Task to complete:
After locating the line with "Envoyez par email" in the entries below, set down exactly that line and each one after it to the end, skipping pictures.
_ _ _ _ _
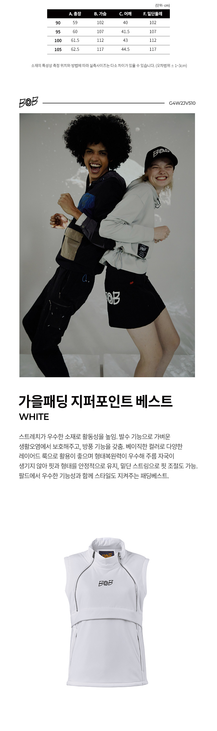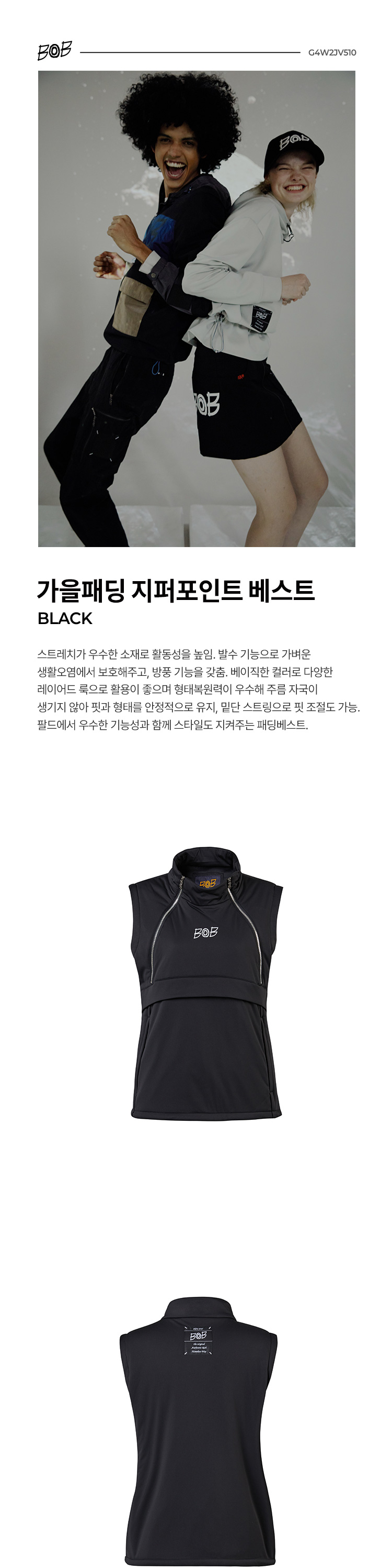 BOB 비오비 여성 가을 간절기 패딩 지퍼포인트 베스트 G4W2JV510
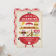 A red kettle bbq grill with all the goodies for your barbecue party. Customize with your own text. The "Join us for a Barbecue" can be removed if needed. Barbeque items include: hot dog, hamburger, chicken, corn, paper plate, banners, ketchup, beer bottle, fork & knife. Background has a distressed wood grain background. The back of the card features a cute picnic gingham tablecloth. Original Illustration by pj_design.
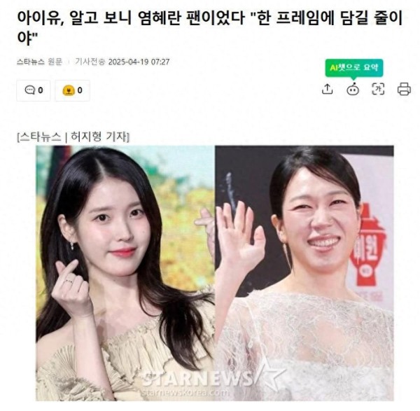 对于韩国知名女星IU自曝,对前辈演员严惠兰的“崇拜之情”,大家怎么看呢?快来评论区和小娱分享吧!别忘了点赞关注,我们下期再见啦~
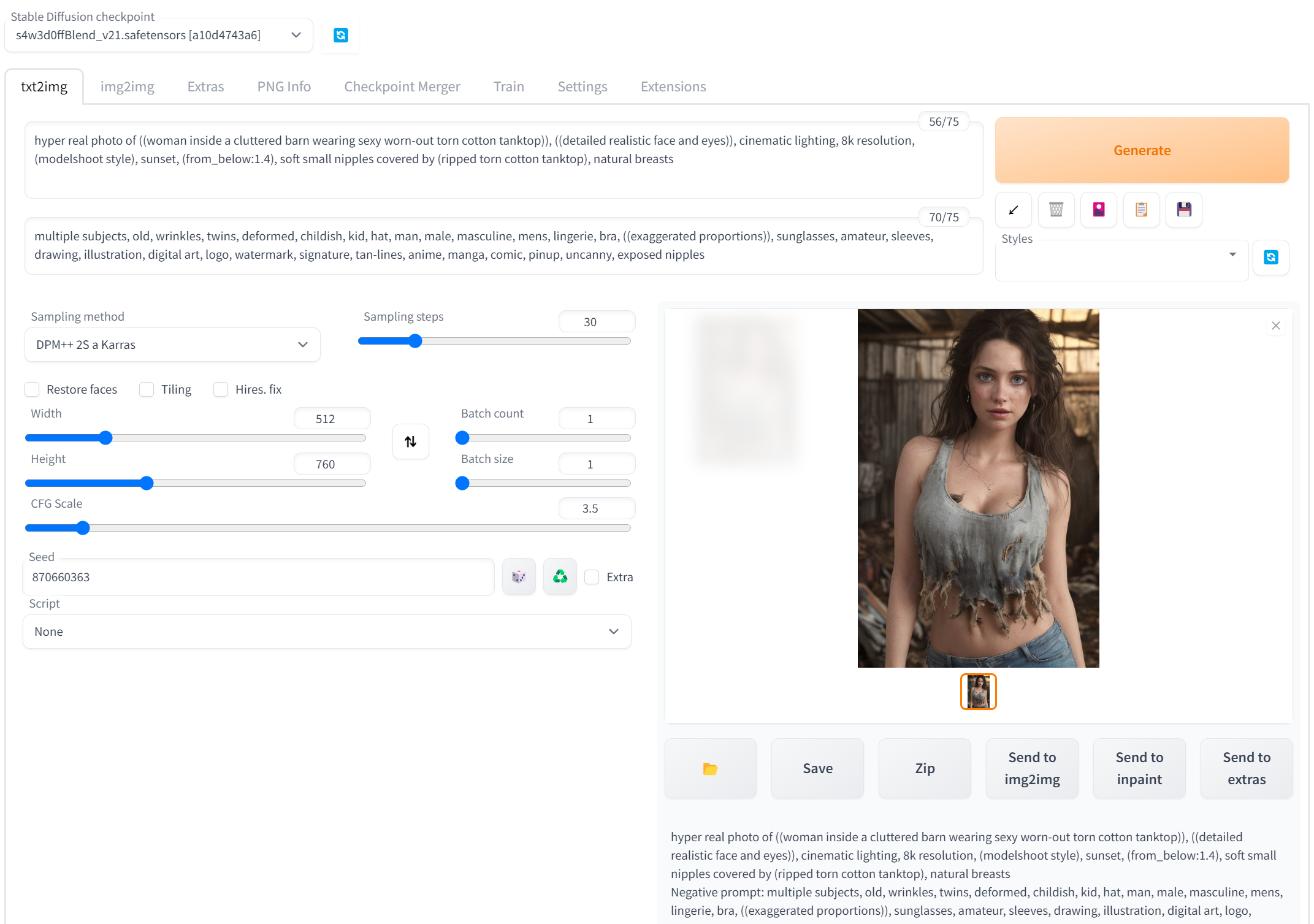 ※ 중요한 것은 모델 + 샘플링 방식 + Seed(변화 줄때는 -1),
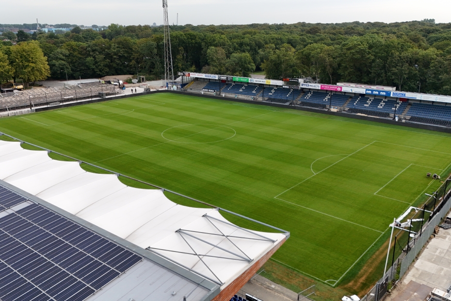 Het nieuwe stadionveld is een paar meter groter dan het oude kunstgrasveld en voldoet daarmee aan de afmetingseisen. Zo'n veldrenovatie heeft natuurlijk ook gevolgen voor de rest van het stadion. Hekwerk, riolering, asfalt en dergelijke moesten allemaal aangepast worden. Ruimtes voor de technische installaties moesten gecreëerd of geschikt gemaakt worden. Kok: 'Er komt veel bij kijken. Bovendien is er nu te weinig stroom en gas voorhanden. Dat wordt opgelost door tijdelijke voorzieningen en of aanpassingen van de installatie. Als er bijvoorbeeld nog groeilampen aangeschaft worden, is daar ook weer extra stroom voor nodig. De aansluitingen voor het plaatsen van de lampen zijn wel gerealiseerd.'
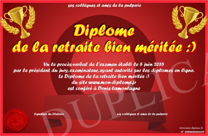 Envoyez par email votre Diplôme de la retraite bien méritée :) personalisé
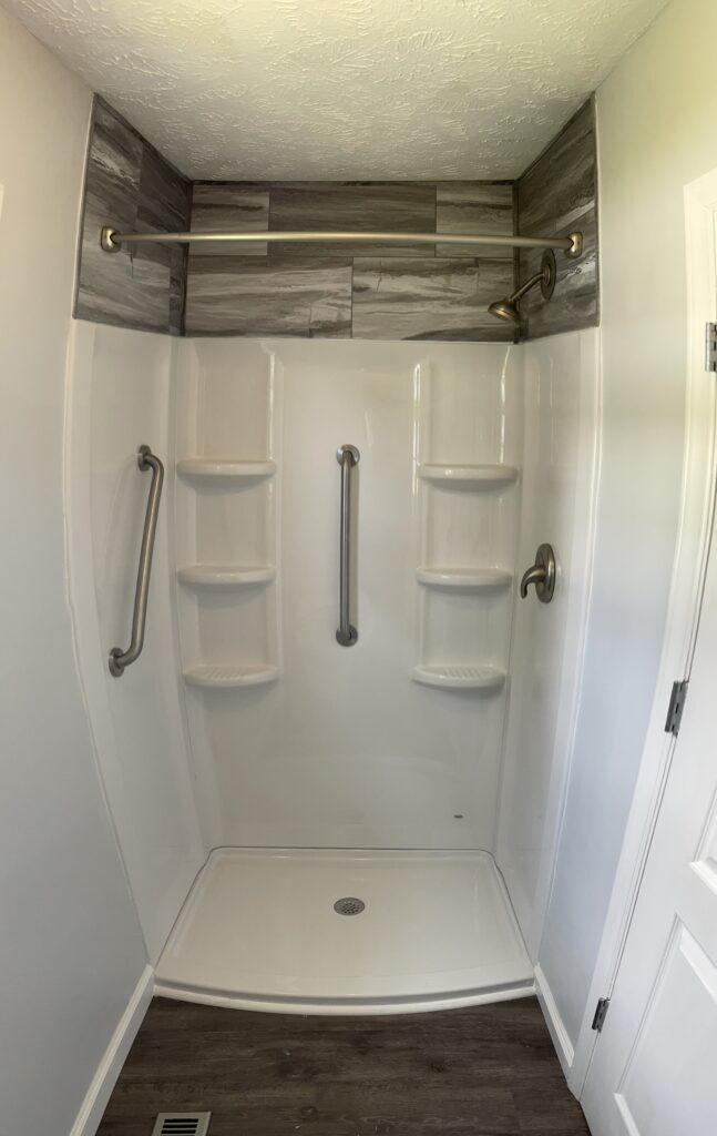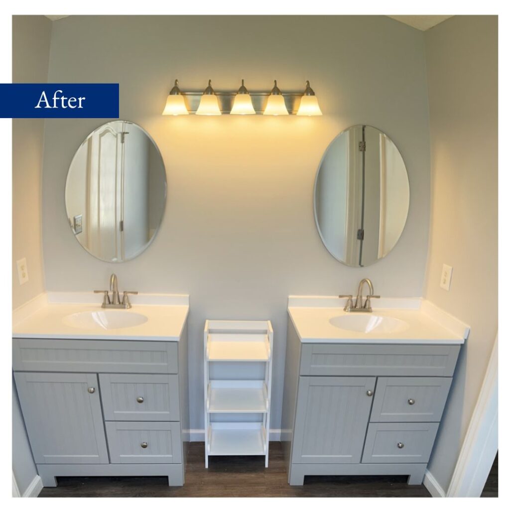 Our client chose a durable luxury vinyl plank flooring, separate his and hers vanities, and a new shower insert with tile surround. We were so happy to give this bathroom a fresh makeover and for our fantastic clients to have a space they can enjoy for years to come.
_ _ _ _ _
Task output:
 Envoyez par email votre Diplôme de la retraite bien méritée :) personalisé
 Our client chose a durable luxury vinyl plank flooring, separate his and hers vanities, and a new shower insert with tile surround. We were so happy to give this bathroom a fresh makeover and for our fantastic clients to have a space they can enjoy for years to come.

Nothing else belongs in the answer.